I don't see a bit of sense in that.

On the one hand, you're complaining about his supposed "near-obsession" (as opposed to every other person writing on the subject? what's the measurement here?) but on the other you're saying that one sentence is proof that it was all some kind of ruse and he'll never speak of it again. As if patents not figuring into one sentence means he can never say anything about them again. What a great leap that is! He's trying to make a point about something, but you're treating it as if it's a total retraction of every other point he's ever tried to make--even in the same post--because...why? Because it's not just a restatement of what he said last week, in a different context? I don't understand that at all, even under the banner of HN's predictably frothing meme of disdain for the man.

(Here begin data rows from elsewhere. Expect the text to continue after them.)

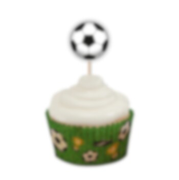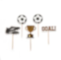 12 stk. partypicks med fodboldrelaterede motiver i farverne sort, hvid og guldfolie. Pynt dine muffins, cupcakes eller andet godt med disse for et flot look inden festen med et sjovt fodboldtema.
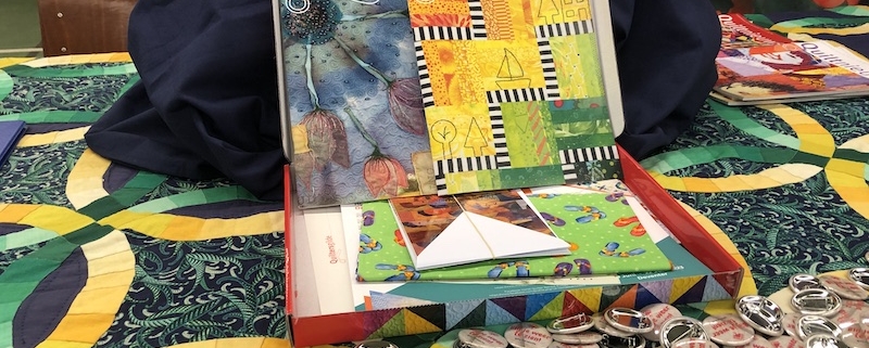 Op vrijdag stond ik namelijk in de hal met de ‘onuitspreekbare naam’ bezoekers te wijzen op de voordelen van het lidmaatschap van het Quiltersgilde. Er lagen oude Quiltnieuwsen die meegenomen mochten worden. Alle flyers over onze komende Algemene Tentoonstelling, modern- en art quilten en de voordelen van het lid worden werden gretig in de tas gestopt. Leuke gesprekken gevoerd en heel veel bekenden gesproken.
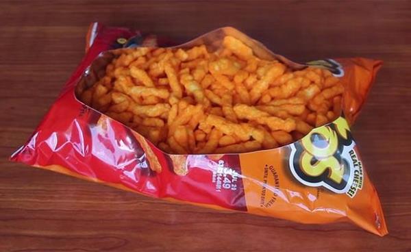 Öncelikle aldığınız cips paketini düz bir zeminin üzerine koyun.
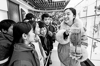 江西省抚州市资溪县马头山林场野生中药资源科普馆,指导老师为镇中心小学学生讲解珍稀药材香榧的功效与作用。 吴志贵摄/光明图片
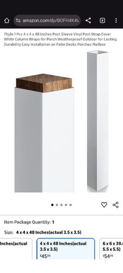 Thyle 1 Pcs 4 x 4 x 48 Inches Post Sleeve Vinyl Post Wrap Cover White Column Wraps for Porch Weatherproof Outdoor for Lasting Durability Easy Installa$20San Antonio, TX
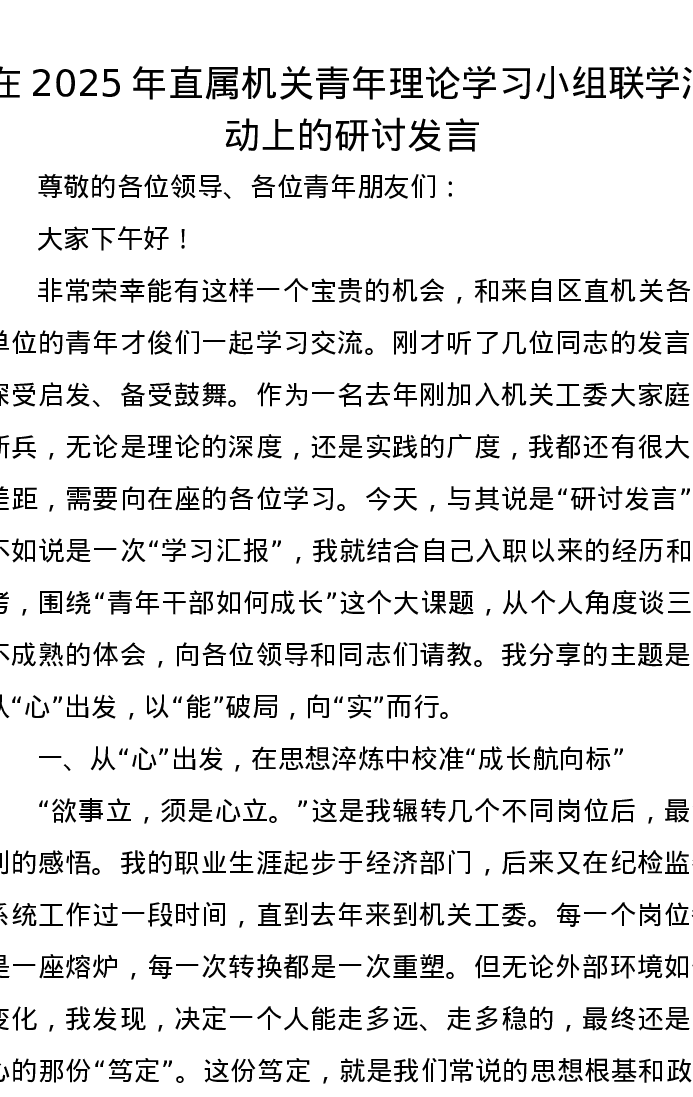 在2025年直属机关青年理论学习小组联学活动上的研讨发言
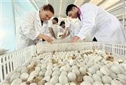 2023年6月5日,技术员在新疆祥泰牧业有限公司羊舍为柯尔克孜羊进行胚胎移植工作。新疆祥泰牧业有限公司自2021年运营以来,养殖近2万只纯种羊,在公司技术团队的研究下,孕育新品种,达到提纯复壮的目标,将柯尔克孜羊从普通单胎土羊到多胎羊的转变,实现了柯尔克孜品种羊的多胎多产,现在每只羊达到每2年产3胎。阿图什市现代农业产业园位于阿图什市松他克镇克青孜村,示范园2020年成立,占地20万亩,投入 8000 万元建设新疆红羊养殖项目,投入3000 万元新建 5000 亩饲草基地配套建设项目。
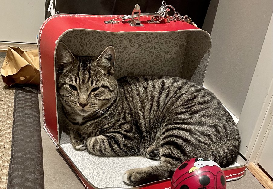 Veldig sosial katt. Han kan vandre langt unna hjemmet. Noe tykkere hale enn normalt.
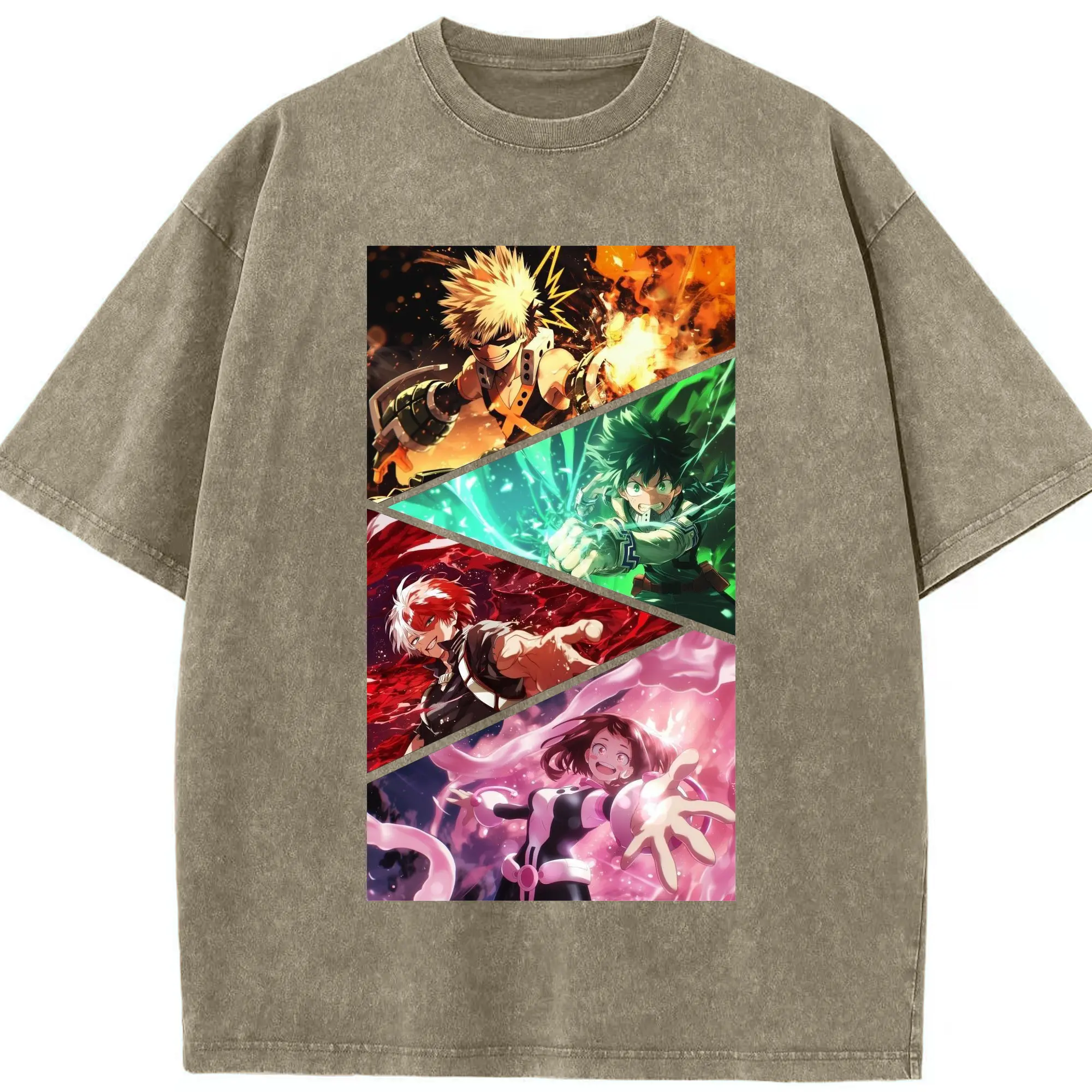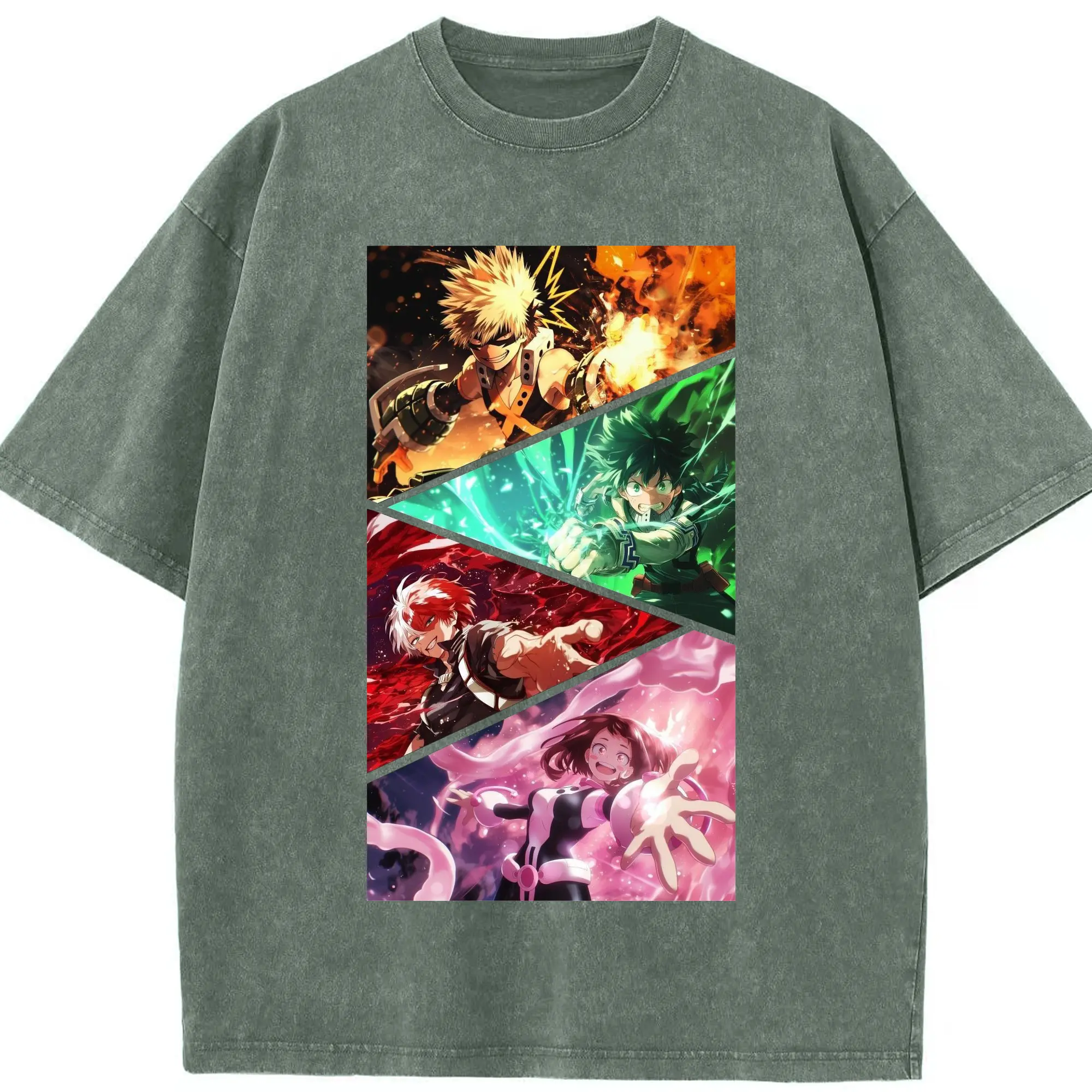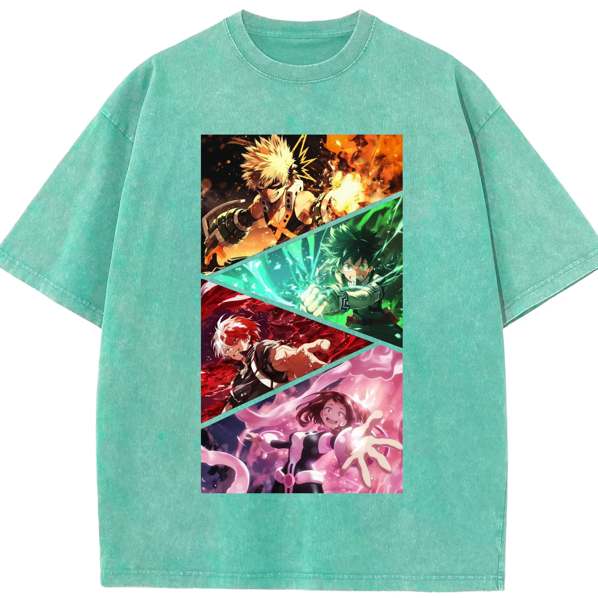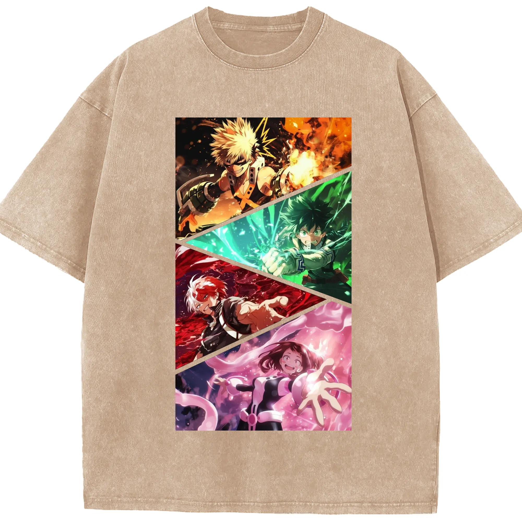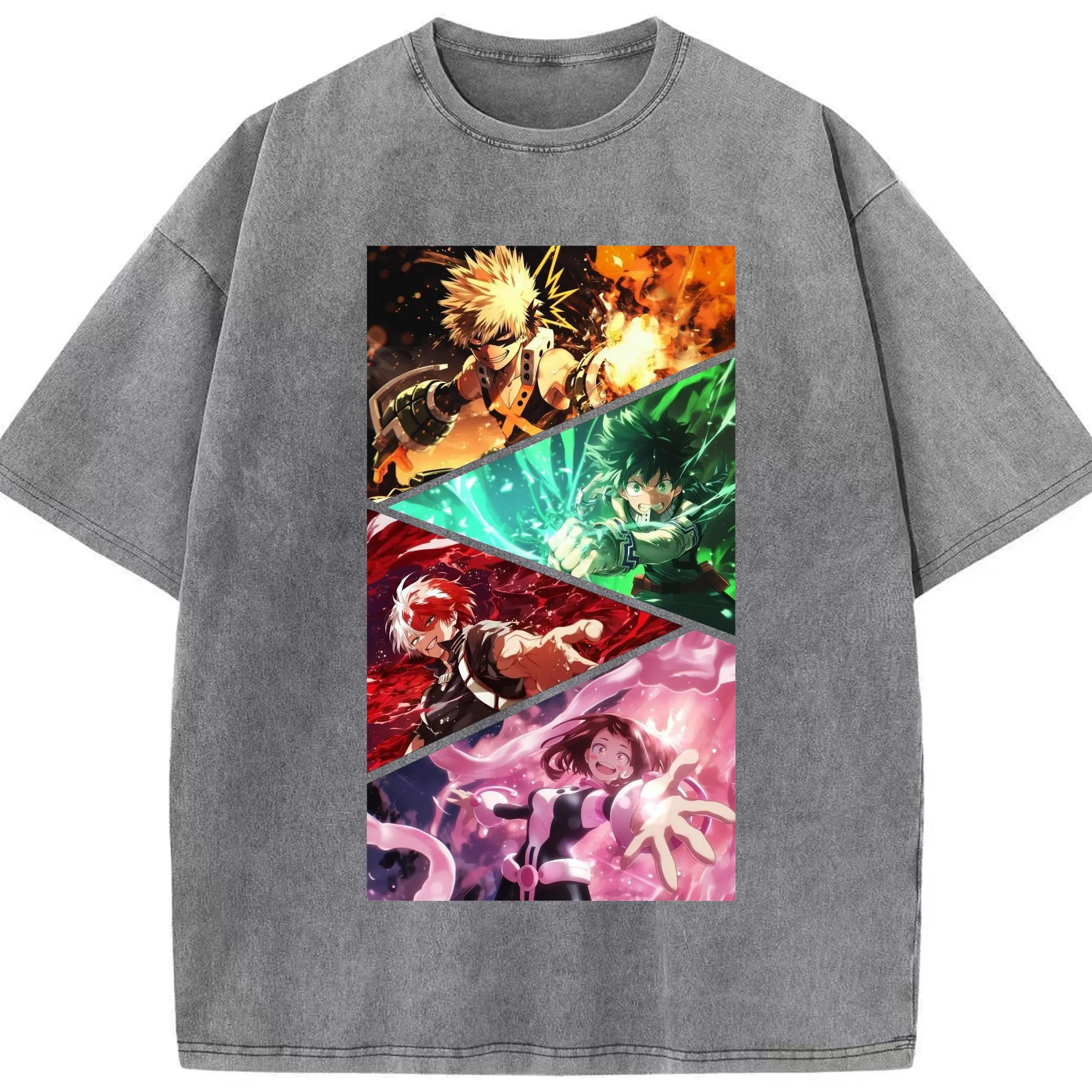 僕のヒーローアカデミア - 綿100% ヴィンテージ風 半袖Tシャツ ・ フロントプリント ・ 柔らか肌触り ・ 通気性 快適 ・ スポーツ カジュアル 外出用

Not only do I not understand that, I don't understand how on earth one man gets such scrutiny about precisely how much he talks about something, down to the sentence, when dozens of sites have been publishing on the same subjects. This is news. When new things happen, people write about them. Google bought Motorola. That's news. But must Gruber (or anyone) interpret or discuss that solely in terms of patents (or any one angle)? Why is commenting on any other aspect of the deal forbidden? Makes no sense.

Frankly, I can't understand what's your point with this phrase. I think he obviously meant Google paid 12.5 billion for Motorola — a handset maker with rapidly declining sales, no recent profits, and misguided management - _only for the patents_. He's not ignoring the most salient factor in the deal; he's just reaffirming that, to get to the patents, Google paid 12.5 billion for the whole, including the bad parts that he's highlighting.
If you read the story carefully and completely, you'll note that he agrees that this very well may have been the right move, but right relative to the weak position that he has been arguing Google was in. He's by no means being inconsistent to say that their improved position is still weak.
I appreciate the advice, but I did read the article carefully and completely. My original comment, read carefully, has far more to do with the nuances of Gruber beginning to turn his arguments now that he can't bray night and day about how very threatened Google is by the combined patent portfolios of it's enemies.
Wich has zero to do with whether this post of his is insightful, correct, or worth reading. That's the trouble with ad hominems, they aren't adding value. What I as a fellow reader want to know is whether this postnis wrth reading, and if so, what to watch out for good or bad.

I don't care if the previous 99 post by the same author are lumps of coal, I want to know whether this one is a diamond.

Well...yeah. As the facts change, do you not expect the outlook to change as well? This widespread tendency to hold others with whom one might disagree to an impossible standard is getting tiresome.